Marius Sabino, founder of Sabino Glass company, was born in Sicily in 1878 and moved to France while he was still a young boy. He studied at L'Ecole Nationale des Arts Decoratifs and the Beaux Arts de Paris, where he became particularly interested in the challenges that the advent of electricity would have on glass manufacture. It was through electric lights that Sabino came to the production of glass. In fact, on his return from the first World War (where he had joined as a volunteer), he founded a factory which manufactured traditional lights fittings of wood or bronze and then quickly changed to glass.In 1925, Sabino created an opalescent glass with a blue hue and iridescent impressions of either clouds in a blue sky, light striking a soap bubble or a reflection from water surface.
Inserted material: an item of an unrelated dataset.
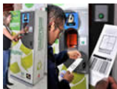
Máquina del Proyecto Mariposa.

cambio de los envases, se les de un incentivo monetario a los consumidores. El piloto se extenderá hasta finales de marzo de 2012, cuando se evaluará su viabilidad económica y el impacto que pueda generar para la industria a nivel de recuperación y logística.
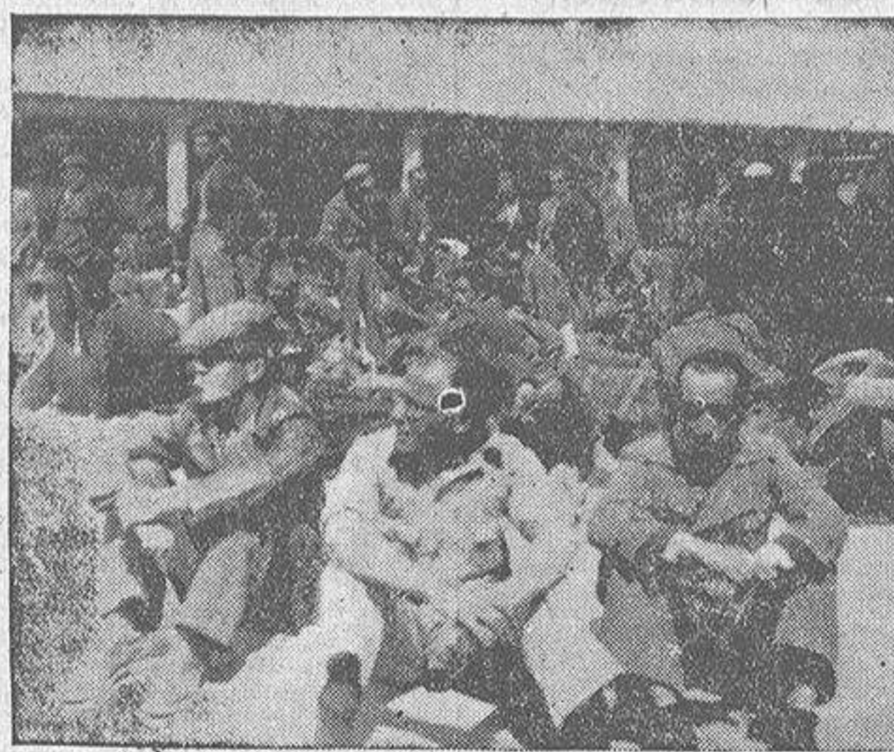
Comisarios políticos, coroneles, capitanes, gobernadores rojos y otros significados marxistas prisioneros en Alicante

"L'Ouvre" dice que en las negociaciones se propuso a Ruma-

He designed and made special lighting for a luxury cruise ship (Ile de france) in 1927, and a lighted fountain column for the Grand Salon of Normandy in 1935.The glass of the chandelier was no longer part of the design, it was the principal component. His chandeliers, which were often monumental in size, were made to compliment the architecture of the day. Apart from chandeliers, he also created a multitude of vases and decorative objects, making great use of his expertise as a sculptor. In particular, busts and statues of women, and an exceptionally large range of animals with stylized features-sometimes in extraordinary large sizes. For example, in 1931 he created a large fish in a limited edition, two of which were bought by Josephine Baker and Maurice Chevalier. 

Some words about SCC (Sabino Crystal Company) and its new items still made today

Sabino's early opalescent glass had a higher arsenic content than most of his competitors, but his glass formula is reported to have changed after World War II to reduce this component. The earlier glass is said to feel and look different with a softer and "soapy" feel.

Early Sabino glass was marked "Sabino France" if intended for export, or "Sabino Paris" if intended for sale within France. Larger pieces still carry the "Sabino Paris" signature, which was etched onto the base of the pieces. Smaller pieces are marked "Sabino France" moulded into the side of the item. Some components as some shades were not signed. They were sold to other makers for special orders or productions. "Verart" and "Vernox" were two other trade marks used by Sabino during the 1930's. They were developed to compete in the cheaper market for opalescent glass that had been opened up by companies like Holophane (trademark "Verlys").

After World War II M. E. Sabino transferred operations to his nephew and adopted son Gripoix-Sabino. The elder Sabino died in 1961, by which time the company was again producing opalescent glass using the same moulds that he had designed. No new post WWII designs were created. All their output was exported to the USA. In 1978 Gripoix-Sabino sold the entire Sabino operation (moulds, factory, designs, rights and glass formulae) to the company's American agent Richard Choucroun and his "Sabino Crystal Company". The factory is still in France because the moulds are cultural heritage and are not allowed to leave the country. The company still uses the old moulds to reproduce badly finished decorative objects in a poor quality opalescent glass which are all transported to the US or proposed on eBay (there, the most often, the Sabino pieces are new from SCC). The shades in normal white pressed glass are not reproduced nor re-edited and authentic Marius Sabino pieces.